:: WHAT YOU SHOULD DO ::
From the line containing "TRI/A 53' 69,000" to the last line of the records below, transcribe everything exactly, pictures excluded.

:: THE DATA ::
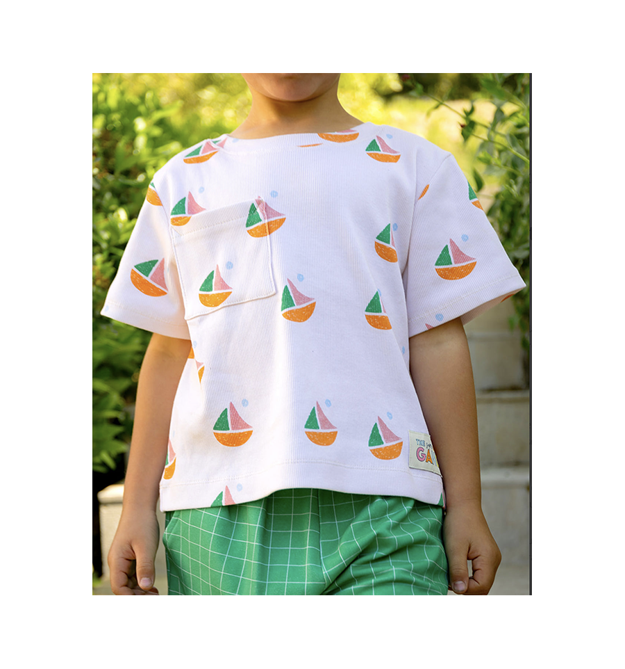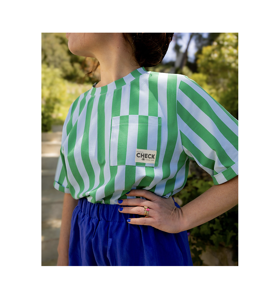 - Un t-shirt oversize mais pas trop avec une grande poche coeur. Pour la femme et l’enfant, il est possible de le réaliser en version crop ou longue. Il possède plusieurs longueur de manches et la possibilité de réaliser un revers si on le souhaite.
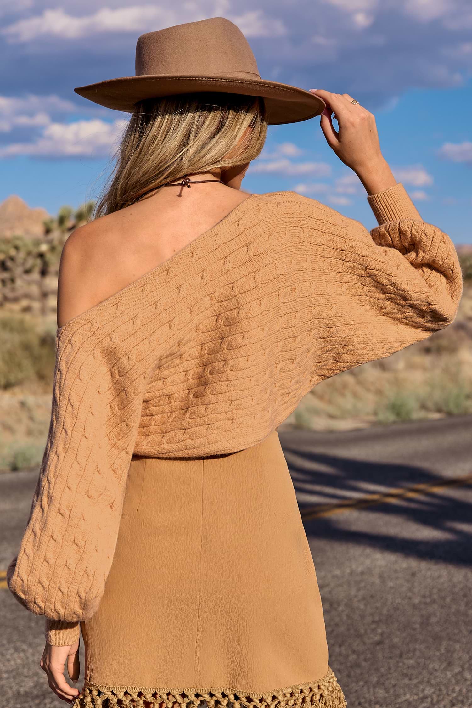 Maglione arancione con maniche larghe e spalle scoperte
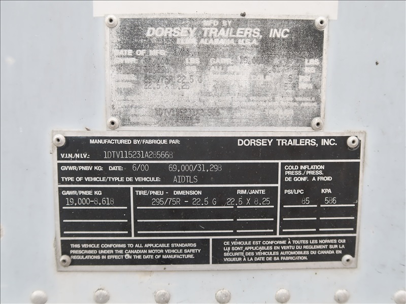 TRI/A 53' 69,000 LB GVWR VAN TRAILER, SPRING SUSPENSION, A/B, BARN DOORS, 295/75R22.5
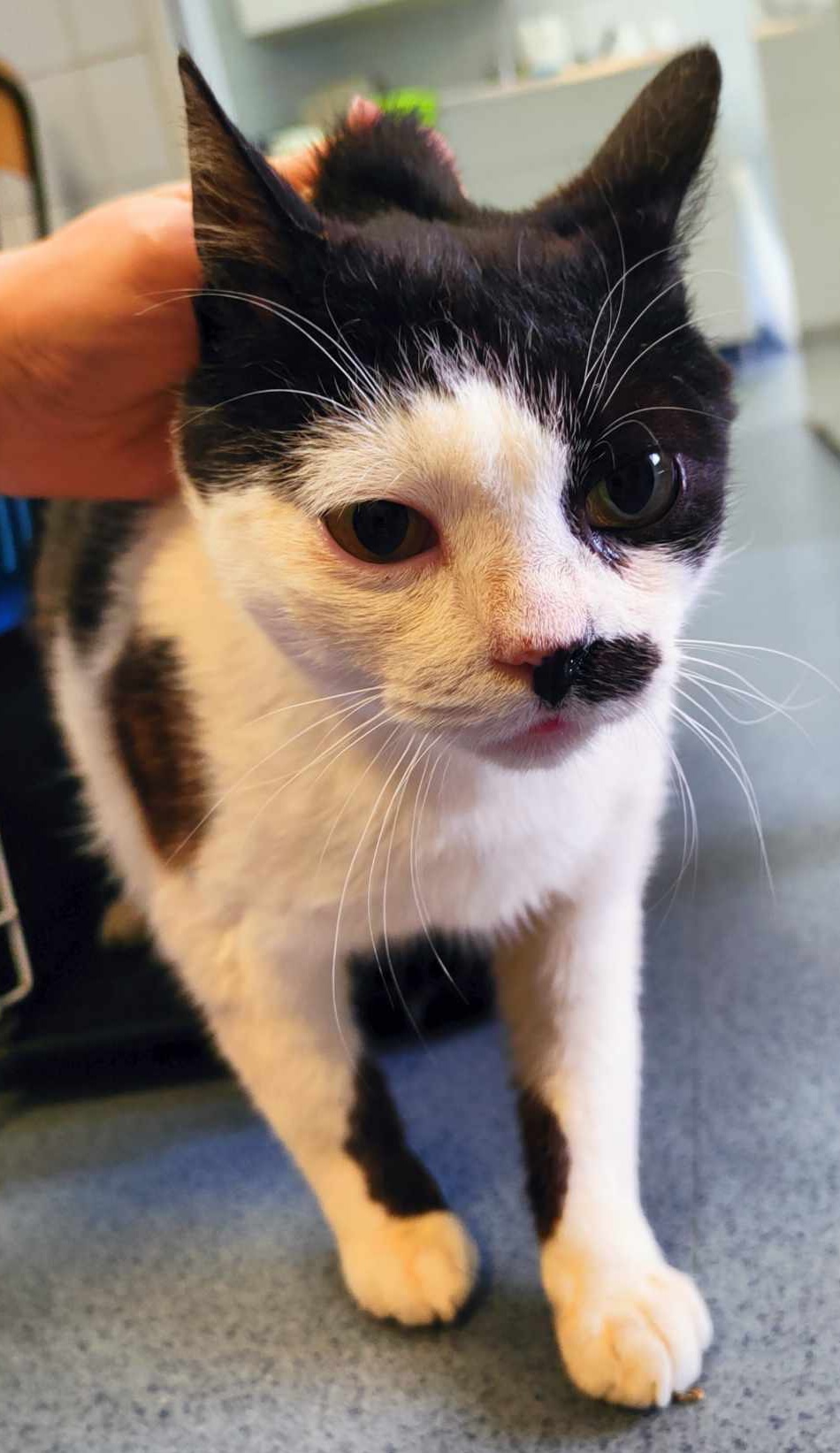 Biało-czarny Ptasiek trafił do schroniska z ul. Spiskiej.
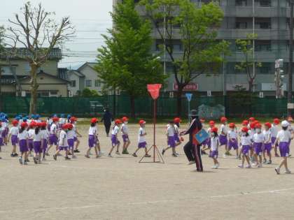 運動会での団体競技「ダンシング玉入れ」の練習に取り組んでいます。

:: RESPONSE AREA ::
 TRI/A 53' 69,000 LB GVWR VAN TRAILER, SPRING SUSPENSION, A/B, BARN DOORS, 295/75R22.5
 Biało-czarny Ptasiek trafił do schroniska z ul. Spiskiej.
 運動会での団体競技「ダンシング玉入れ」の練習に取り組んでいます。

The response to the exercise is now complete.